EXERCISE DIRECTIONS: Return only the lines of the data below from the line with "Two United Kingdom Five Pound UNC Banknotes" up to and including the line with "traits shape virome", exactly as written, with the pictures omitted.

PROVIDED DATA:
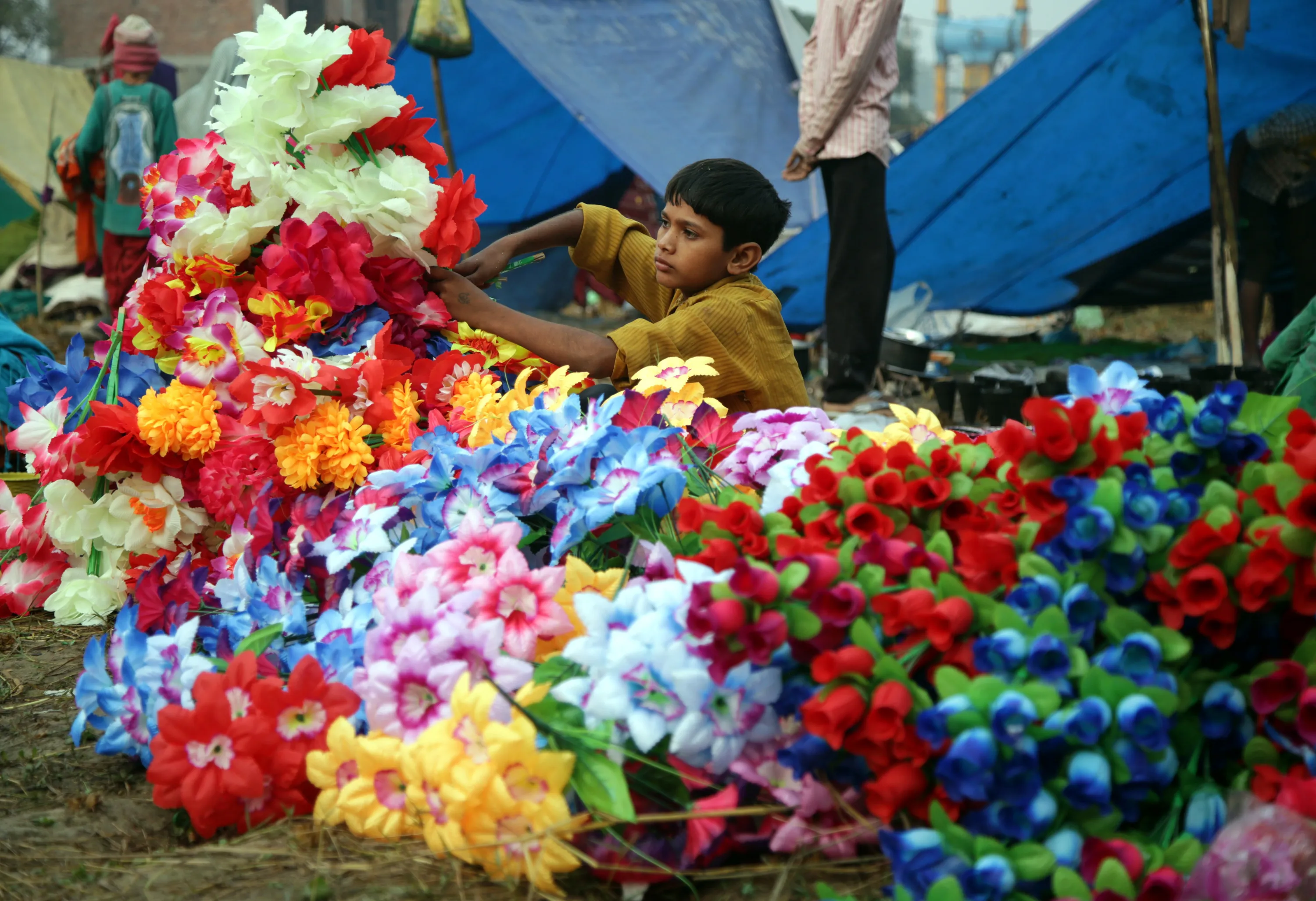 An Indian boy prepares the bunches of artificial flowers for sale during the annual Farmers Fair at Shama Chak Jhiri, some 22 km from Jammu, the winter capital of Kashmir, India, 03 November 2017. Every year hundreds of vendors from Punjab, Haryana, Rajasthan and Utter Pradesh come to farmers fair to setup their business in a week-long fair. Farmers in huge numbers from all over India gather to pay tribute to the Samadhi or tomb of legendary farmer Baba Jit Mal, popularly known as Baba Jitto who sacrificed his life for the liberation of the farming community. (Photo by Jaipal Singh/EPA/EFE)
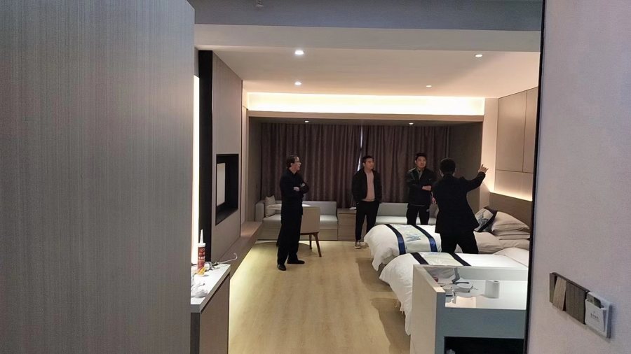 該項目的酒店客房委托西安博菲克集團管理有限公司所屬的設計部、裝修部、家具廠總包負責,設計部出客房效果圖,裝修部門抵達子洲縣進行施工,酒店家具廠根據效果圖制作家具,一站式服務,軟硬裝一方全包,無扯皮現象,客戶只等驗收。
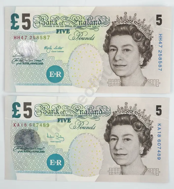Two United Kingdom Five Pound UNC Banknotes
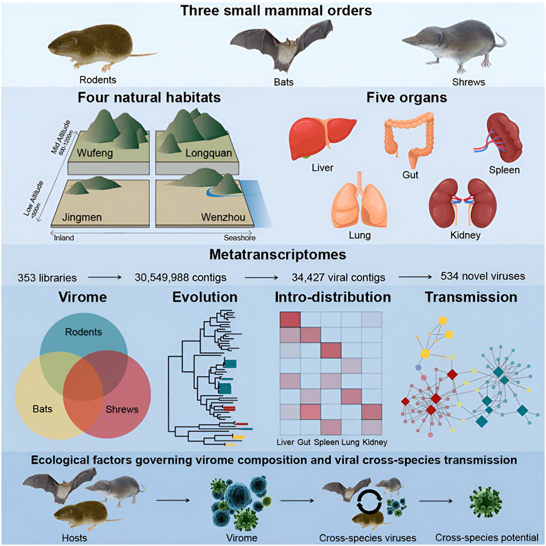 在一項新的研究中,來自中國復旦大學、龍泉市疾病預防控制中心、武漢市疾病預防控制中心和溫州市疾病預防控制中心等研究機構的研究人員探究了毛茸茸的小型病毒載體如何影響病毒的傳播和進化。他們報告了669種病毒的鑒定結(jié)果,其中包括534種新型病毒,大大擴展了人們對哺乳動物病毒組(mammalian virome)---包括以前未知的冠狀病毒和正腮腺炎病毒(orthorubulavirus)---的了解。相關研究結(jié)果發(fā)表在2023年10月12日的Cell期刊上,論文標題為“Host traits shape virome composition and virus transmission in wild small mammals”。
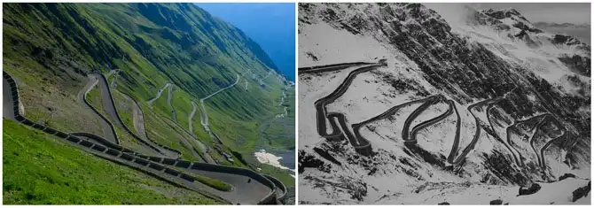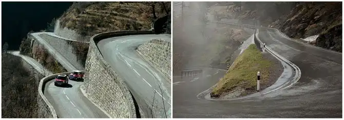 Это самая петляющая дорогая в Европе — она насчитывает 48 «шпилек», в некоторых местах дорога становится чрезвычайно узкой. Она тянется зигзагом почти на 1,5 км, а далее следует 275 метров более пологого спуска со множеством изгибов, которые по-прежнему держат водителей в напряжении.
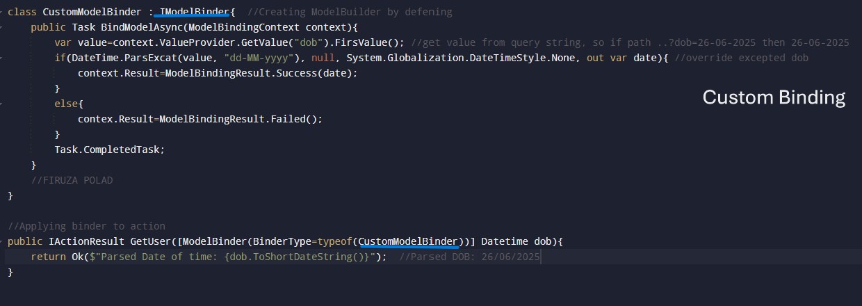 Eg: Lets say user sends date in format "dd-MM-yyyy" from the query string (like ?dob=26-06-2025), but by default we expects something "yyyy-mm-dd" like 2025-06-26. So if user send 26-06-2025 then model binding fails. To solve it we override the excepted format, we convert it into valid DateTime object, even if system except yyyy-mm-dd, code will work without client needing change their format. (see below image)
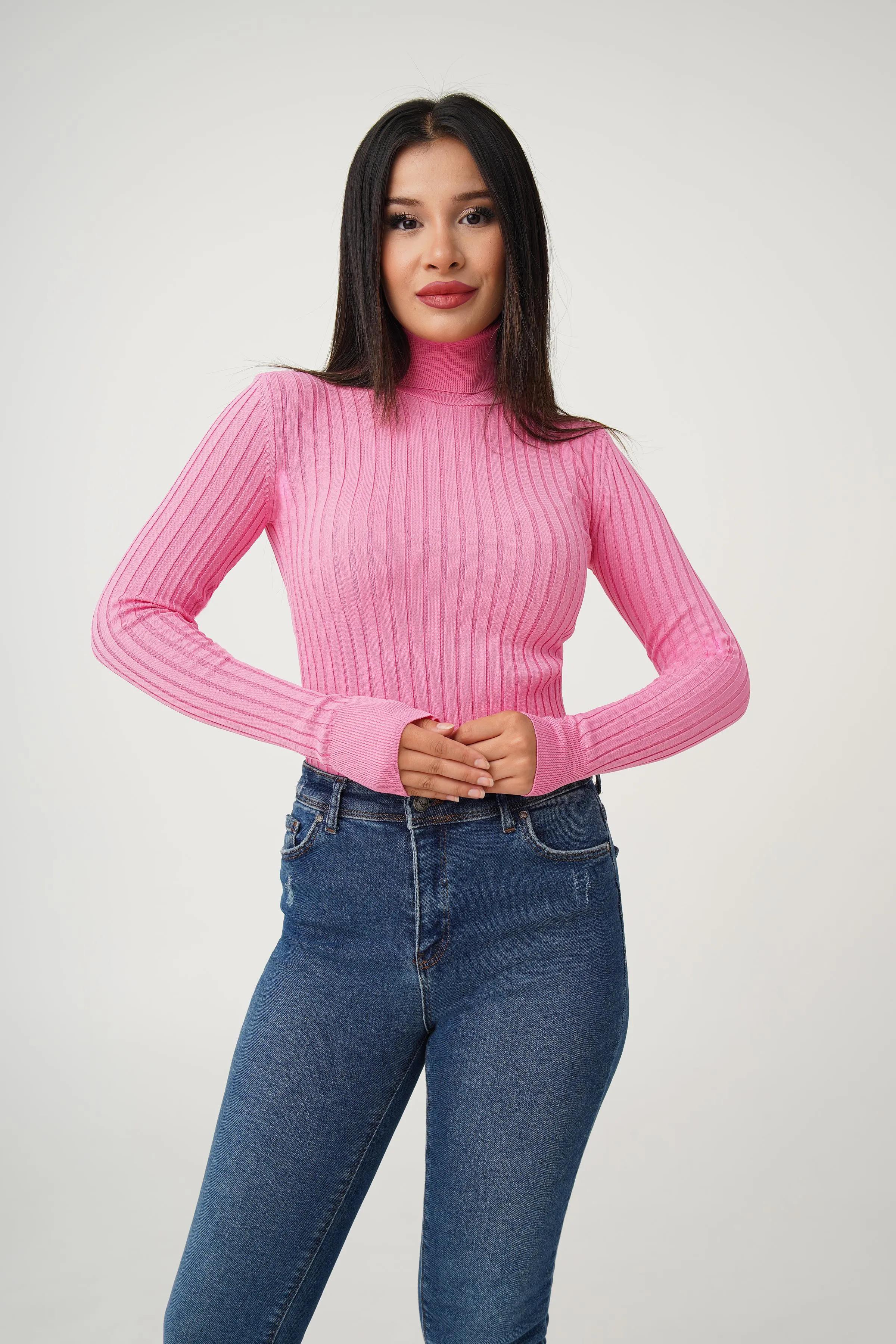 بلوزة شفافة مريحة بياقة عالية وقماش ليكرا مرن تعطي قصة محددة ولوك يومي عصري للخريف والشتاء.

FINAL ANSWER:
Two United Kingdom Five Pound UNC Banknotes
 在一項新的研究中,來自中國復旦大學、龍泉市疾病預防控制中心、武漢市疾病預防控制中心和溫州市疾病預防控制中心等研究機構的研究人員探究了毛茸茸的小型病毒載體如何影響病毒的傳播和進化。他們報告了669種病毒的鑒定結(jié)果,其中包括534種新型病毒,大大擴展了人們對哺乳動物病毒組(mammalian virome)---包括以前未知的冠狀病毒和正腮腺炎病毒(orthorubulavirus)---的了解。相關研究結(jié)果發(fā)表在2023年10月12日的Cell期刊上,論文標題為“Host traits shape virome composition and virus transmission in wild small mammals”。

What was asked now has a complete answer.